Raw data:

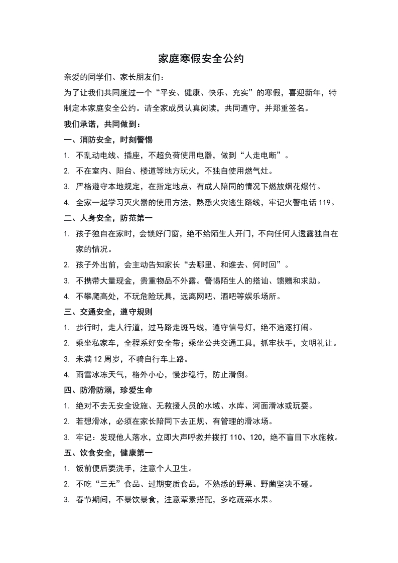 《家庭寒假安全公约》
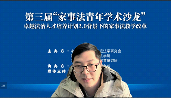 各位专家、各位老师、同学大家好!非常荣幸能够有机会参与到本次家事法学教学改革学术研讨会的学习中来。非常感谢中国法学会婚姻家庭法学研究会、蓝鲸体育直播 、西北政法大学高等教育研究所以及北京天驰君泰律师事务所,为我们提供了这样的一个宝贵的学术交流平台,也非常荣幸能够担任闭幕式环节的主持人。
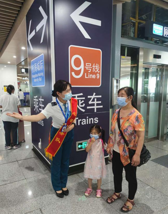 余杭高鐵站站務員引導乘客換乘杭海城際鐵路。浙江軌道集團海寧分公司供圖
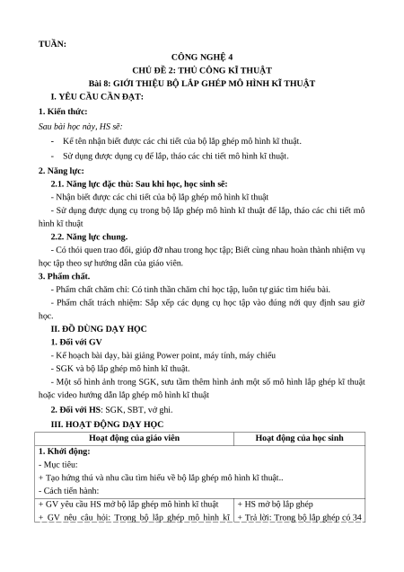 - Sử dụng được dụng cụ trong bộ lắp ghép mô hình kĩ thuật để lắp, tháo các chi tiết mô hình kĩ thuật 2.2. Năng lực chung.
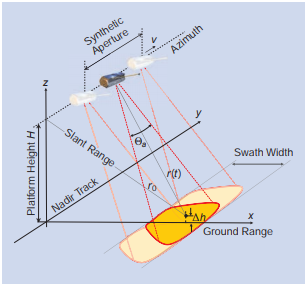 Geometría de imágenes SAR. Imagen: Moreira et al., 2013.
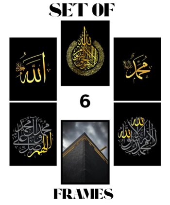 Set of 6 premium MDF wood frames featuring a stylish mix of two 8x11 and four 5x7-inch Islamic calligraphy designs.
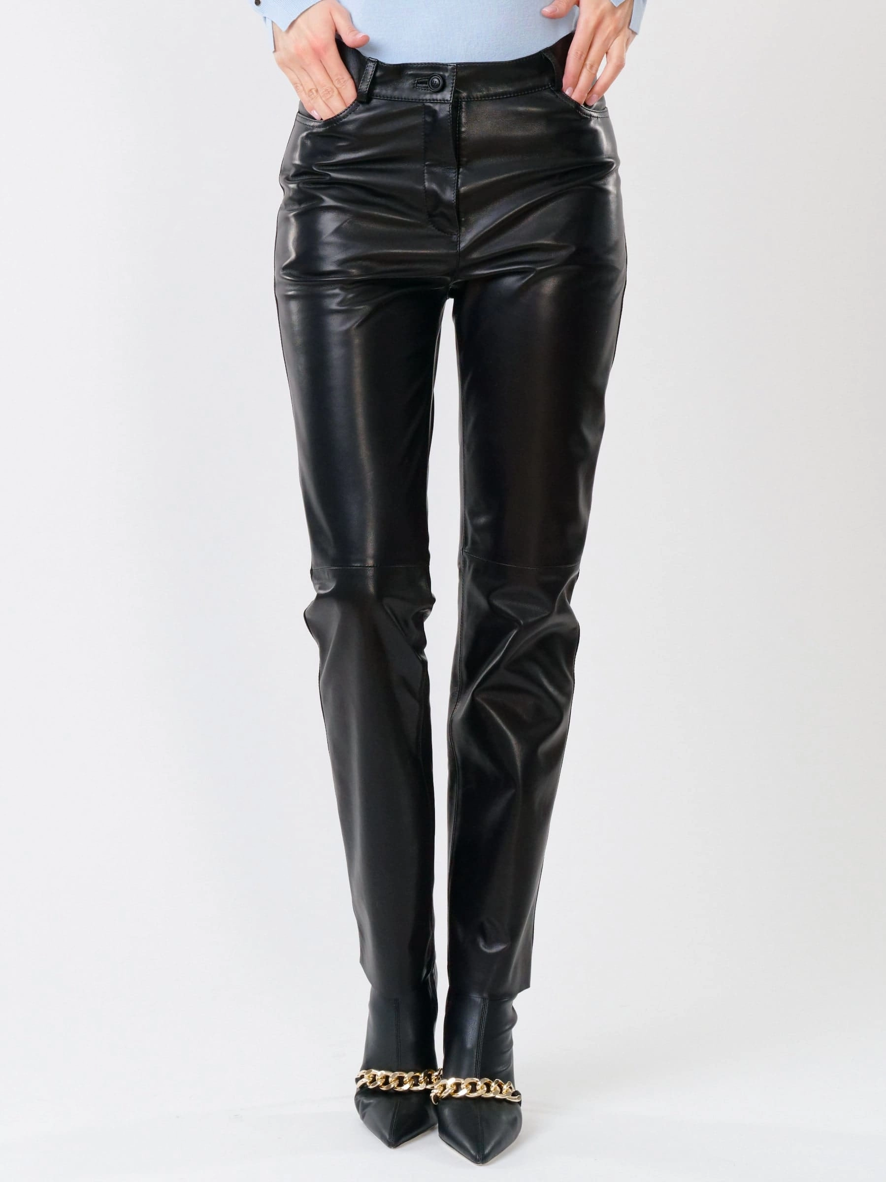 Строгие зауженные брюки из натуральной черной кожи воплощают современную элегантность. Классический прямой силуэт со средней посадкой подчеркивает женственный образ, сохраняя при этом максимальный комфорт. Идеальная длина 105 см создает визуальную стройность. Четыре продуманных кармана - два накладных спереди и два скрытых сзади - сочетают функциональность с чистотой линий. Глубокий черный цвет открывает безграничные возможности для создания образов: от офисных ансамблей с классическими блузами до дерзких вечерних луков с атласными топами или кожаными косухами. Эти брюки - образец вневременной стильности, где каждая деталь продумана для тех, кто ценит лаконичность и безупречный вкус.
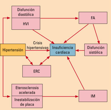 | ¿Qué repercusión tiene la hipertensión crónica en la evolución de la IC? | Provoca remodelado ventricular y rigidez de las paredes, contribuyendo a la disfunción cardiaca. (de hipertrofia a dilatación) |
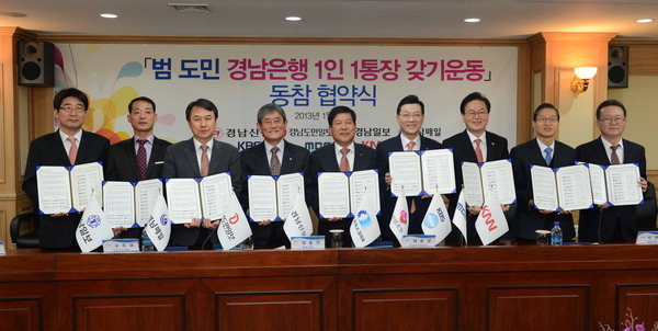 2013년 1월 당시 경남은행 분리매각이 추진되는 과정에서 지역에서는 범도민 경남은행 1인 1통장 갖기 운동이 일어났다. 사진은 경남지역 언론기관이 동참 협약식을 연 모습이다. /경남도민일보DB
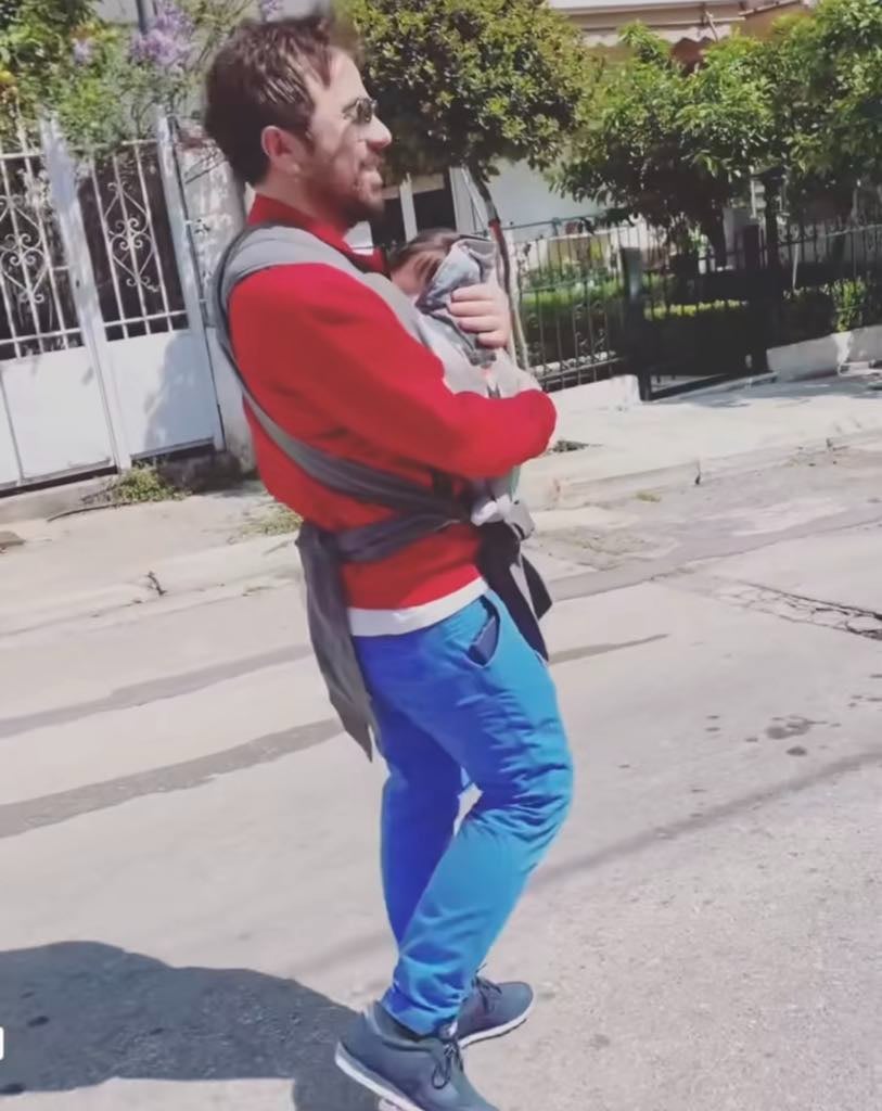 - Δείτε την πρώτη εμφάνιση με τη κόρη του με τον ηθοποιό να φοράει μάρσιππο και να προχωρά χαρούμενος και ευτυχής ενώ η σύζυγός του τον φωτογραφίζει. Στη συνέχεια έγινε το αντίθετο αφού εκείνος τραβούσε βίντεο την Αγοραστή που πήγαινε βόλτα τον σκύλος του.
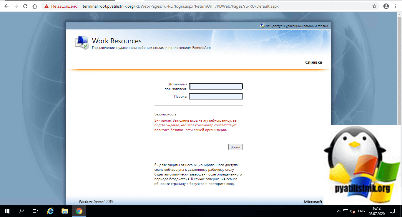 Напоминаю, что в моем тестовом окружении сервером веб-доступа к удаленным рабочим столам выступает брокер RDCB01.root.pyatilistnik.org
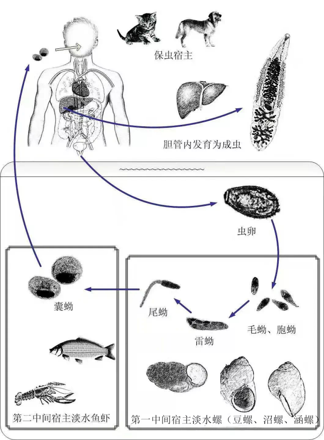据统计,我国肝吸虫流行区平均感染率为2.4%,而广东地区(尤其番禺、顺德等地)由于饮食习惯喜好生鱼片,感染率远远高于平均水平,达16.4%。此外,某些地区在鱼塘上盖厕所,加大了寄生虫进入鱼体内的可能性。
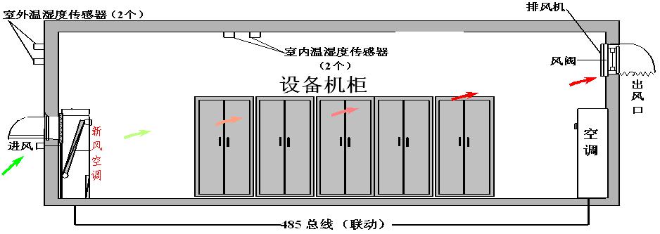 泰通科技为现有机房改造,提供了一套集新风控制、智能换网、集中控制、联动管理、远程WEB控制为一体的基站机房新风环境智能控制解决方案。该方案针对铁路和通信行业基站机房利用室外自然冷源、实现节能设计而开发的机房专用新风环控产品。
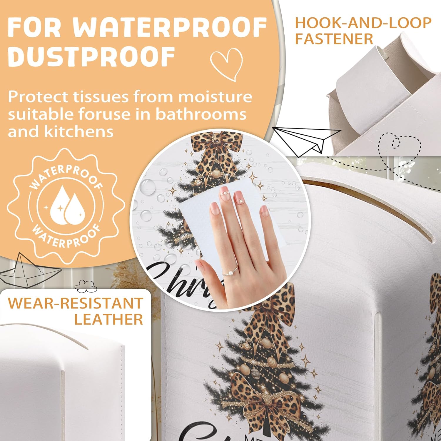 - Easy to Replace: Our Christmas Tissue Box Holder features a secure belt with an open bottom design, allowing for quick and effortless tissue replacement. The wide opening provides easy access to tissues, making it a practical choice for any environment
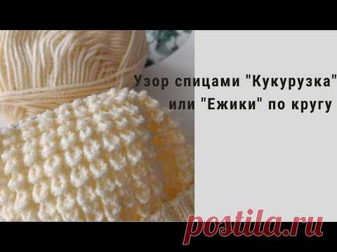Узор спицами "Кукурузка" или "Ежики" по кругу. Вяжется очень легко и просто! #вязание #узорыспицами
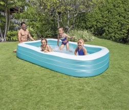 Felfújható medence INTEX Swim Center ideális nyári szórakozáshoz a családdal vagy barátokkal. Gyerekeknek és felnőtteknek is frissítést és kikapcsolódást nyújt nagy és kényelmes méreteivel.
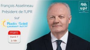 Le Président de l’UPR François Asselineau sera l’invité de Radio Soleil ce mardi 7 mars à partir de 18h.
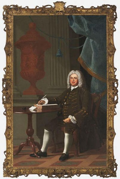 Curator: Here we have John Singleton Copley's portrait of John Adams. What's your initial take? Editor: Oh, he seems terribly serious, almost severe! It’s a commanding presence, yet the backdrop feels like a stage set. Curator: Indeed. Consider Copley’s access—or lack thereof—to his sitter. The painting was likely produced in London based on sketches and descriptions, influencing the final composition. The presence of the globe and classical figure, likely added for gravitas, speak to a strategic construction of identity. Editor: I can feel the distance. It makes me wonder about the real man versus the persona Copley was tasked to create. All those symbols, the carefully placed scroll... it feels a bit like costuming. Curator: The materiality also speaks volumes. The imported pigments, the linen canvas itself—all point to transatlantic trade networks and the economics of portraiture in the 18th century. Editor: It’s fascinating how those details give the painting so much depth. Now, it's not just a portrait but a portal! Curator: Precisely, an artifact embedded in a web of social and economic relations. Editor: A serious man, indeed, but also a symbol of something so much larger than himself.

About this exercise: For this task, return exactly the stretch of the listing above from the line with "Строгие зауженные брюки" through the line with "2013년 1월 당시", inclusive and without pictures.

Task output:
 Строгие зауженные брюки из натуральной черной кожи воплощают современную элегантность. Классический прямой силуэт со средней посадкой подчеркивает женственный образ, сохраняя при этом максимальный комфорт. Идеальная длина 105 см создает визуальную стройность. Четыре продуманных кармана - два накладных спереди и два скрытых сзади - сочетают функциональность с чистотой линий. Глубокий черный цвет открывает безграничные возможности для создания образов: от офисных ансамблей с классическими блузами до дерзких вечерних луков с атласными топами или кожаными косухами. Эти брюки - образец вневременной стильности, где каждая деталь продумана для тех, кто ценит лаконичность и безупречный вкус.
 | ¿Qué repercusión tiene la hipertensión crónica en la evolución de la IC? | Provoca remodelado ventricular y rigidez de las paredes, contribuyendo a la disfunción cardiaca. (de hipertrofia a dilatación) |
 2013년 1월 당시 경남은행 분리매각이 추진되는 과정에서 지역에서는 범도민 경남은행 1인 1통장 갖기 운동이 일어났다. 사진은 경남지역 언론기관이 동참 협약식을 연 모습이다. /경남도민일보DB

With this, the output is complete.